I was thinking of doing a porter or stout with the dark roasted chestnut chips. What hops would work best? Any different sugars I should use?

Thanks

Talked to a 20 vet of home brew. He said hops are still a matter of taste. Just don't OVER-HOP with Porters and Stouts. He said brown sugers and other dark carbs will change flavor.

leeinwa
 
I've made a stout with malted buckwheat, and unmalted millet. It turned out jet black but with severe burnt coffee flavour. I'm letting this age now in the hopes that it will mellow.

The trick to getting the colour right is roasting your grain till its really dark. This is kind of trial and error as I think I over roasted mine which gave it the burnt coffee taste.

I used fuggles and east kent goldings.

Good luck and let us know how it turns out.
 
I still have a lot of chestnuts in my fridge that I want to peel and freeze before they go off.

I have found that if you boil them for about 10-15 minutes, the inside goes all crumbly and comes out really easy.

Do you think this boiling will affect the chestnuts at all? I boil them before I add the amylase anyway so I don't think it will make much of a difference.
 
I still have a lot of chestnuts in my fridge that I want to peel and freeze before they go off.

I have found that if you boil them for about 10-15 minutes, the inside goes all crumbly and comes out really easy.

Do you think this boiling will affect the chestnuts at all?
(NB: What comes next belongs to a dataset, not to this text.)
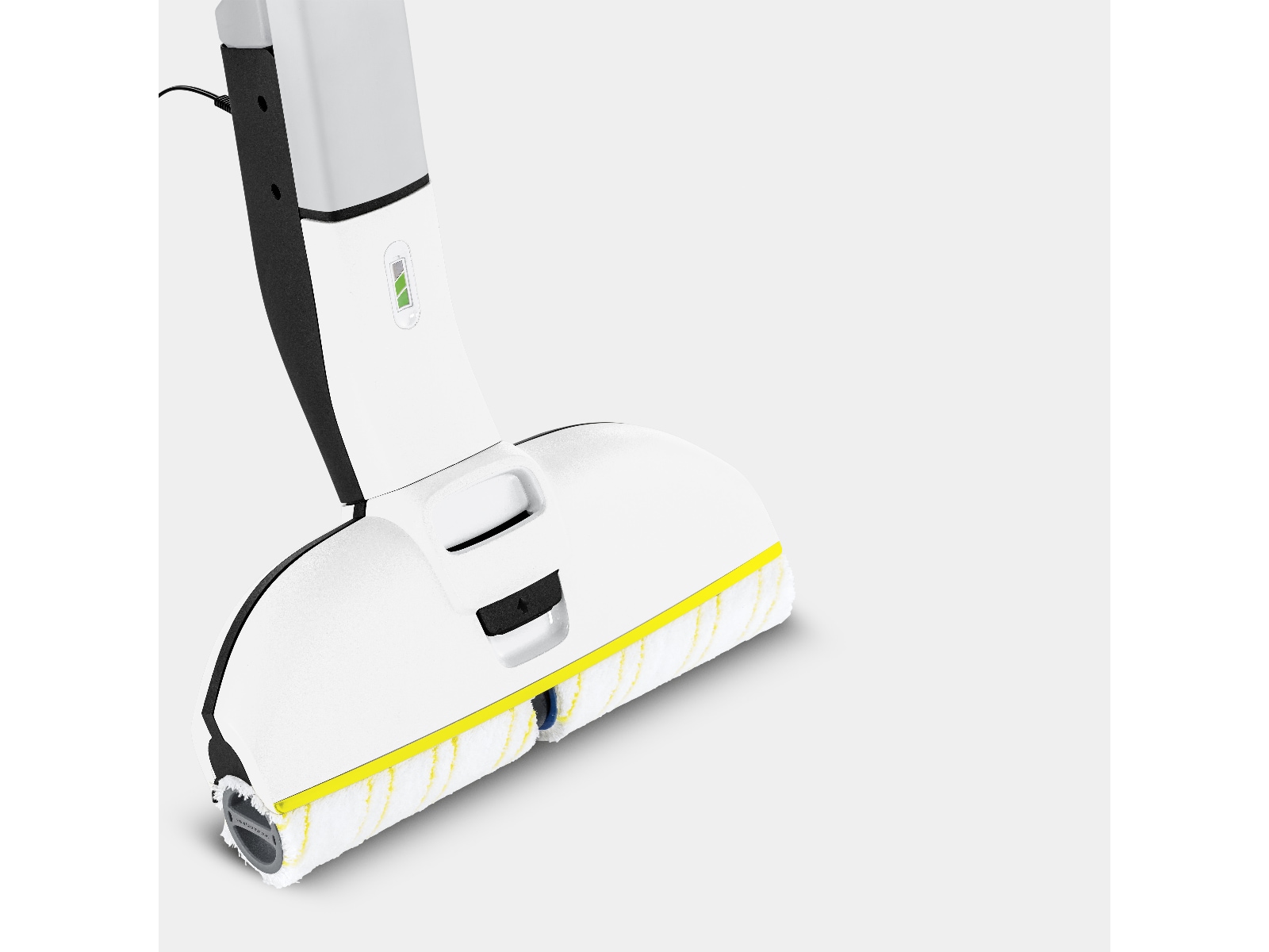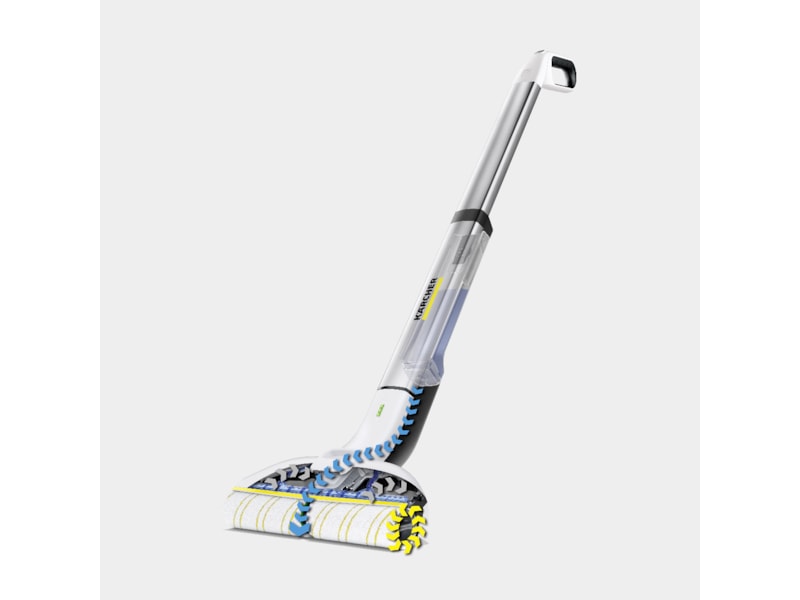 Gulvvaskaren gör dina golv 20 % renare än rengöring med vanlig mopp. De roterande valsarna fuktas kontinuerligt med rent vatten, medan smuts och smuts förs in i smutsvattentanken. Tack vare den slanka designen kan EWM 2 enkelt nå under möbler och sparar samtidigt lagringsplats. Den har också en ledad ledd som gör det enkelt att rengöra hörn och kanter. Torktiden för golvet är ca 2 minuter, vilket gör den lämplig för alla typer av hårda golv, vare sig det är trä, sten eller plast. Det kraftfulla litiumjonbatteriet ger maximal rörelsefrihet, eftersom rengöringen inte längre är beroende av ett eluttag. Den intuitiva LED-skärmen ger kontinuerlig information om batterinivån. Batteriet har en drifttid på upp till 20 minuter, vilket är tillräckligt för att rengöra ett område på ca 60 m².

I boil them before I add the amylase anyway so I don't think it will make much of a difference.


Take those surplus nuts and put them in a Seal-A-Meal vaccum pack and freeze them until you need them. Don't cook them first. They lose a little texture quality but will keep for a year or so. DON"T just freeze them or they will freezer burn.

leeinwa
 
So after my epic chestnut failure a few months ago I am going to get back on the horse and do another. This time I'm going to use sorghum syrup instead of just corn sugar as my other fermentable and hope it doesn't over attenuate. I'm going to do a pale ale.

*5 Gallons*

5lbs Light Roasted Chestnut Chips
6lbs Sorghum Syrup

2oz East Kent Goldings (60min)
1oz East Kent Goldings (30min)
1oz East Kent Goldings (1min)

Danstar Nottingham Yeast

Does this sound like it could make a decent beer? I don't have any calculators to figure out the IBUs on it so if someone could run those numbers for me that would be awesome. Also, how long do sorghum beers take to age to get rid of their off flavors?
 
So after my epic chestnut failure a few months ago I am going to get back on the horse and do another. This time I'm going to use sorghum syrup instead of just corn sugar as my other fermentable and hope it doesn't over attenuate. I'm going to do a pale ale.

*5 Gallons*

5lbs Light Roasted Chestnut Chips
6lbs Sorghum Syrup

2oz East Kent Goldings (60min)
1oz East Kent Goldings (30min)
1oz East Kent Goldings (1min)

Danstar Nottingham Yeast

Does this sound like it could make a decent beer? I don't have any calculators to figure out the IBUs on it so if someone could run those numbers for me that would be awesome. Also, how long do sorghum beers take to age to get rid of their off flavors?

I don't know what style you're going for, or just how much gravity you are going to get from the chestnuts, but it sounds like this is going to be a fairly big beer.
 
Well I said in the post I was aiming for a pale ale but if you think it will be big I can always half the sorghum and go for a smaller beer.
 
Well I said in the post I was aiming for a pale ale but if you think it will be big I can always half the sorghum and go for a smaller beer.
Don't know how I missed that pale ale part.
That amount of sorghum should net you an initial gravity of 1.044. In a previous post, someone mentions that 2.2 lbs of raw, whole chestnuts in .8 gallons of water gave him a gravity of 1.017, (removing as much of the shells as he could left him with .8 lbs). So, if your chestnuts are whole, you should get a gravity of 1.009 from the chestnuts (assuming you get the same conversion % he did.)